I realise that these script initiatives are there to attract new talent. Even though there aren't even enough comedy slots for the existing and experienced talent according to the BBC's Head of Comedy last month. Even though this new talented writer will need a fair amount of help from old or existing talent. And the channels love the idea that somewhere out there, they'll find the next writer of Only Fools and Horses - even though the writer of Only Fools and Horses had already written sketches for The Two Ronnies, and 30 episodes of Citizen Smith.

The art of writing sitcom takes about 4-10 years to crack. Asking all-comers to do it seems about as sensible as asking someone to 'have a go at being a surgeon'. Actually, the cost of the damage (c.£1-2million) is about the same. Constantly, annually, quarterly, begging new writers to send in scripts seems to me a curious way of finding the next sitcom hit, especially when dozens of experienced writers can't even get a Comedy Lab onto Channel 4.

It's a free country. Channels and corporations are free to do whatever they like with the money at their disposal, of course. But the problem is that it is now normal to expect any writer, regardless of experience and to go without payment for at least a month, so that a script can be browsed, commented on and then, most likely, discarded - because it's cost them nothing.

When I was a real rookie, I was with a producer at an indie who mentioned that a channel was interested in a show he was developing. I was enthusiastic and said something that conveyed I was excited. He looked at me blankly and said 'Interest costs nothing.' I've never forgotten that moment.

But nothing seems to be changing. The channels and controllers seem hell-bent on assuming that some comedy genius can re-invent the sitcom from a standing start and has a month free to write a script. Or that some existing experienced comedy writer with a mortgage and two kids is going to risk repayments in order to write a script of an idea which will be thrown into a pile with 2500 other scripts.

Naturally, the experienced writer has some advantages, and can perhaps progress things further and quicker (except one sitcom idea I have in with the BBC is over two years old, and it hasn't even had a read-through yet). But even the experienced writer normally has to do weeks of work unpaid. I had a meeting with a theatre producer a while ago who said he was doing me a favour by not paying me - in case the script wasn't as hoped and he'd end up trying promote something he didn't 100% believe in. And, for a split second, like a schmuck, I believed him.

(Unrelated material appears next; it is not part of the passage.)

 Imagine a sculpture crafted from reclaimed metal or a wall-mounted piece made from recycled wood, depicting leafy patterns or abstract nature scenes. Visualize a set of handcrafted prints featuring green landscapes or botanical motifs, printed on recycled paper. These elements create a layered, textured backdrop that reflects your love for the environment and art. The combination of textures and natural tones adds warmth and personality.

But this kind of talk gets us nowhere. Things are, senselessly, as they are. Apparently it is better to pay a development producer £56k+ (inc NI/Pension & benefits) a year to persuade 7 comedy writers to write scripts for free than it is to just pay 7 comedy writers £7-9k each to actually write 7 scripts between them.

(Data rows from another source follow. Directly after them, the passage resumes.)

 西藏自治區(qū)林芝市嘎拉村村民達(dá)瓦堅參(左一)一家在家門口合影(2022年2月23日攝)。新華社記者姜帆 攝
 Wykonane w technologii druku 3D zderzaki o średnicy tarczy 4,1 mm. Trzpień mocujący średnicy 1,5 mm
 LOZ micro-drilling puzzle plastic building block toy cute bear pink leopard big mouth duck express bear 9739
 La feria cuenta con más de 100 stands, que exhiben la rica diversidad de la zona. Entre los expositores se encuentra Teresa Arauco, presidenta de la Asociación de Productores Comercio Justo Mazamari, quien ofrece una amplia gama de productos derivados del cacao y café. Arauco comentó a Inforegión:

This is why I'm not going to whine about this any more (although that felt good). I'm just going to write scripts. Dialogue, jokes and that. Characters. Write and write. That's what I do. I am good for little else. I shall stop blogging about money - and get back to the boring technicalities of comedy writing.

So, back to work, everyone.

Monday, 3 January 2011

The Business of Not Getting Paid

Earlier today, I retweeted a link to an extract of a film about Harlan Ellison - in which he talks about many things, but in the clip he talks about how writers are often treated.

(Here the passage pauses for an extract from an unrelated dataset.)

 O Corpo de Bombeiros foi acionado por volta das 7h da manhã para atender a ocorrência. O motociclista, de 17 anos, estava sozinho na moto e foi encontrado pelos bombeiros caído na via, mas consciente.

In America, writers seem to be held in far higher esteem than over here in the UK. In America, writers don't just write, but produce and cast and everything and make a ton of money. And yet American writers still have stories of injustice and being cheated out of money. They even go on strike. The extraordinary thing is that they're often legitimate complaints, and their money is being creamed off by people who have done nothing to make the hit in question such a success.

We have a long way to go over here. If it's not bad form to quote oneself, here's something I've said in a previous post:
The fact is that if you're a writer, you will write. No-one will be able to stop you. And nothing else will matter to you. Getting paid is great. And is essential every now and then. But the money is always secondary to the project - or at least it should be. If you're a writer, money is something you need to help you write.

There is no doubt that this desire to write is regularly abused by our paymasters. Here is my greatest frustration, which I will paint as a generic and regular scenario.

INT. CONFERENCE ROOM. DAY.
I'm sitting in a small conference room talking about a new idea for a sitcom with a producer, their boss, the executive producer - and maybe an assistant. Maybe I'm at the BBC. Or an indie. It rarely makes any difference, sadly. This is the fourth meeting I've had now. At the first, I pitched the initial idea, which they cautiously said they might like if they could see more of it. At the second we talked about the treatment that I worked up over a few days. I was told I'd need to come up with some more storylines. At the third meeting, having spent two or three more days on storylines, we talked about which channel this show would be suitable for, who could be in it, how to sell it. And all that.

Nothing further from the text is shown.